#### Try it
Within the records below, find the line with "服装设计师 林栖:特别是前期" and the line with "Brown y2k satin top with embroidered flowers", then reproduce exactly those two lines and all lines between them, without any picture.

#### Recorded data
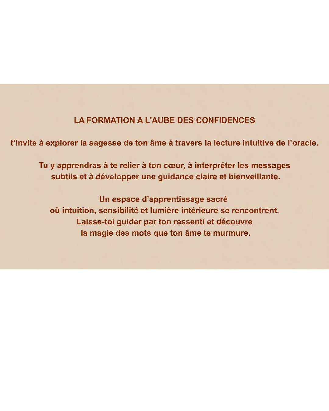 À travers des modules clairs, progressifs et profondément connectés à la pratique, je vous guide pour vous approprier l’Oracle À l’aube des confidences, à votre rythme, dans une approche à la fois structurée et intuitive.
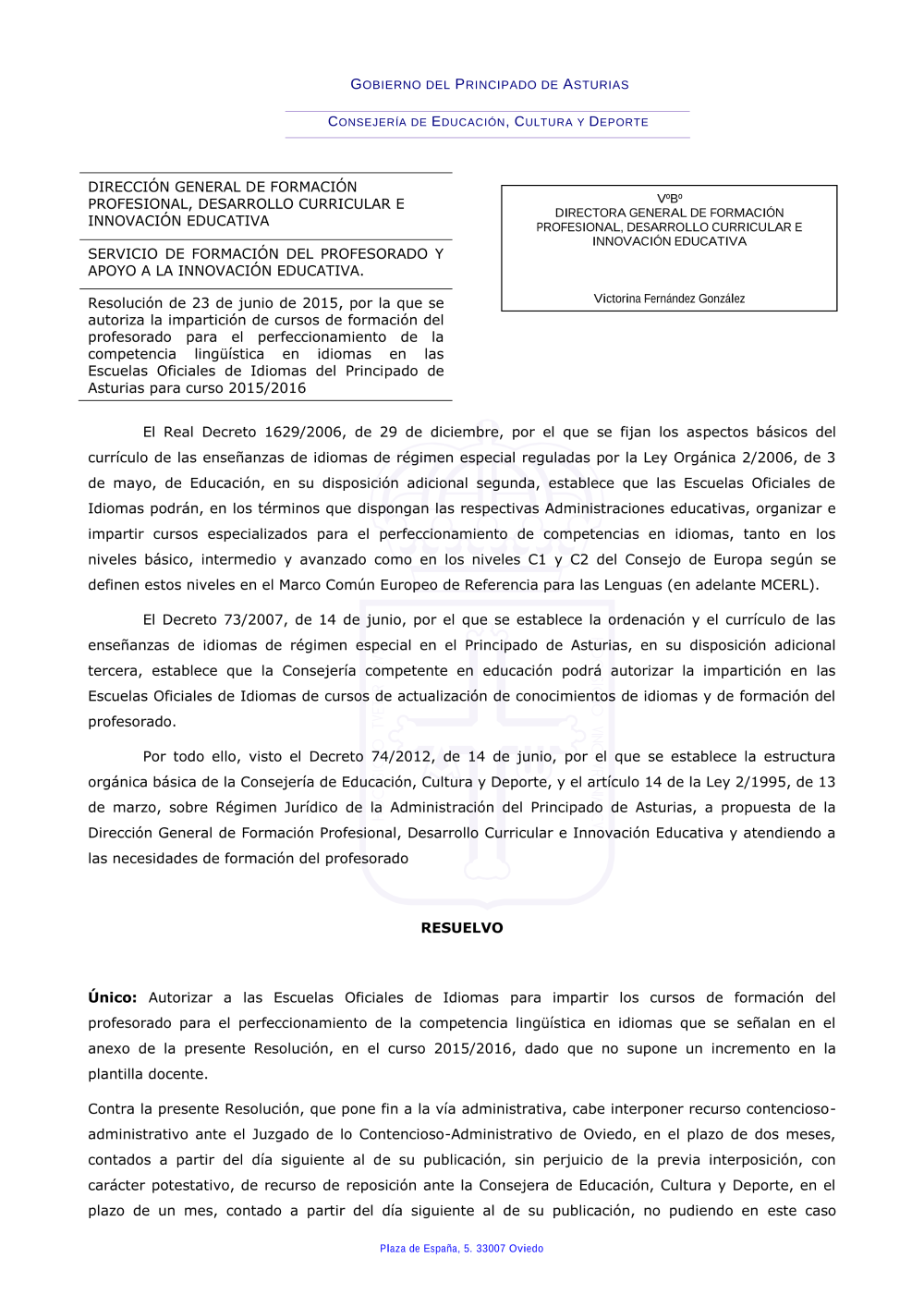 Cursos competencia lingüística. Resolución de autorización 2015-16 (pdf)
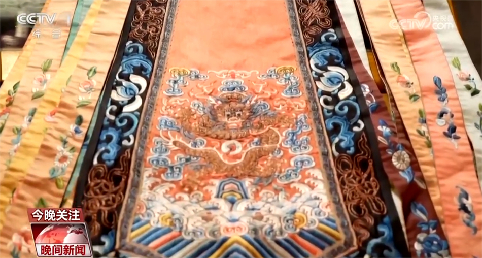 服装设计师 林栖:特别是前期的时候,(马面裙)它的龙头特别大,龙的头可能占到整个龙纹的三分之二左右,它体现的是威严的感觉。后期的时候,整个身体的塑形感以及头的比例是缩(小)的,整个图形是一种气宇昂扬的状态,非常有生命力,这种积极的状态。
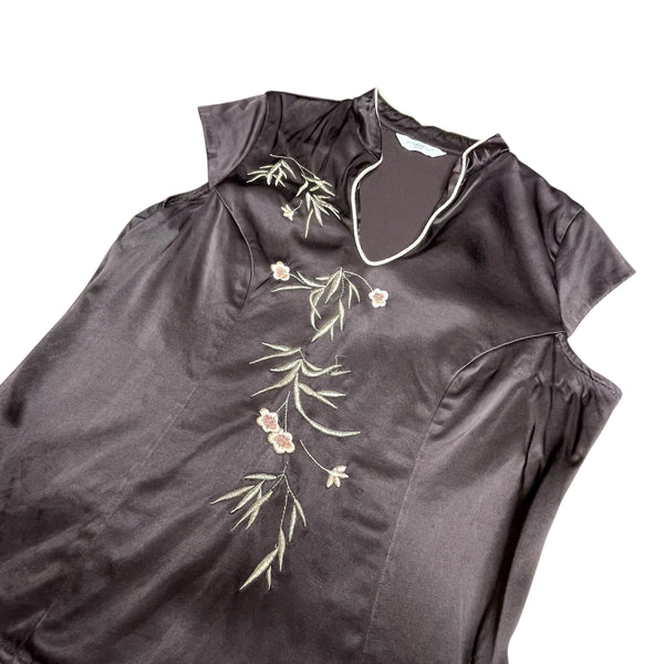 Brown y2k satin top with embroidered flowers
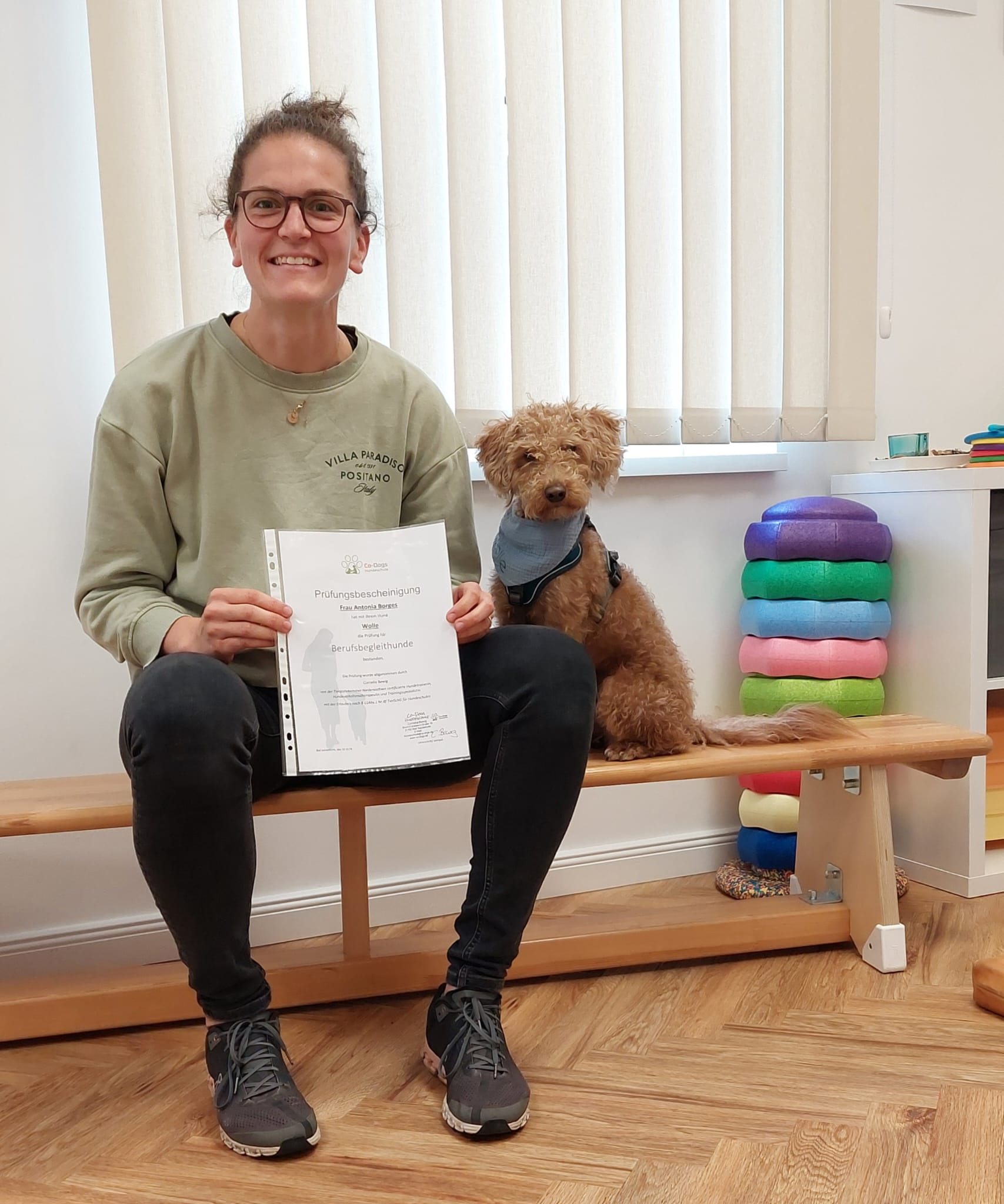 Zu mir gehört mein Berufsbegleithund „Wolle“, der uns meist drei Tage die Woche in Schellerten begleitet. Die Kinder freuen sich immer sehr, wenn Wolle uns auf Spaziergängen begleitet und mit uns liest, spielt und kuschelt.
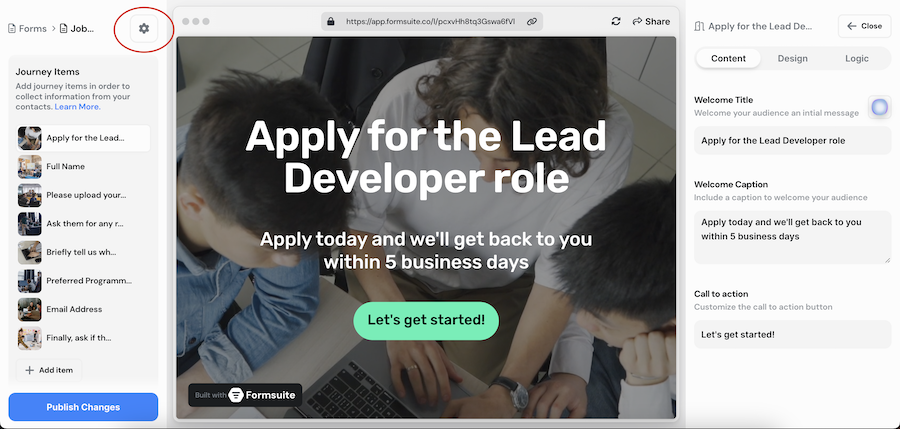 The first step is to open the form settings by clicking on the gear icon in the left editor sidebar. This will open a modal with all the form settings available.
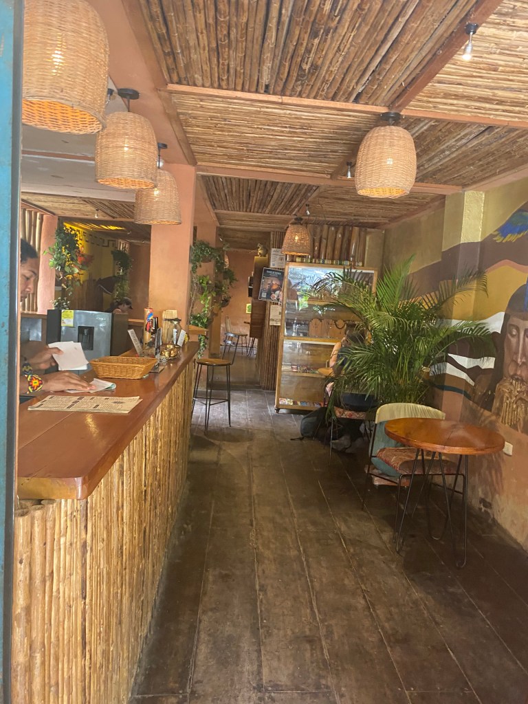 Downstairs, there are plenty of spots to lounge including hammocks, the central table used for meal times, other tables and sun beds. Hannah and I had gotten a bit confused in our research and initially didn’t think that food was included in the price but it turns out it was! Breakfast, lunch and dinner were all included which made the more expensive beds (or hammocks in this case) better value in our eyes. Breakfast was usually eggs, some Colombian pastries and fruit. For lunch and dinner, there’s either a fish or veggie option plus you can change it to fresh crab and lobster for an extra £8. There’s a bar where you can buy drinks and snacks (though the meal portions were big enough that I didn’t need anything!), all done through a wristband you get when you check in. Plus, there’s coffee, tea and drinking water available for free all day!
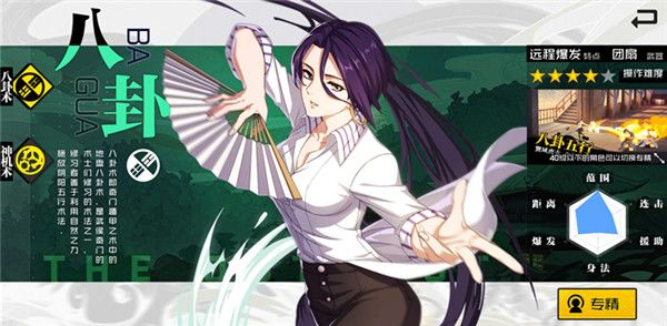 在游戏中八卦术是武侯的专精之一,是一名纯粹的输出专精。该专精通过地盘八卦术来驾驭金木水火土五行元素对敌,战斗时招式华丽同时输出极高,是武侯门派中爆发力十足的一个专精。而且,该专精分支的攻击范围不仅非常的广而且距离很远,个人刷图的能力强劲。

#### Task result
 服装设计师 林栖:特别是前期的时候,(马面裙)它的龙头特别大,龙的头可能占到整个龙纹的三分之二左右,它体现的是威严的感觉。后期的时候,整个身体的塑形感以及头的比例是缩(小)的,整个图形是一种气宇昂扬的状态,非常有生命力,这种积极的状态。
 Brown y2k satin top with embroidered flowers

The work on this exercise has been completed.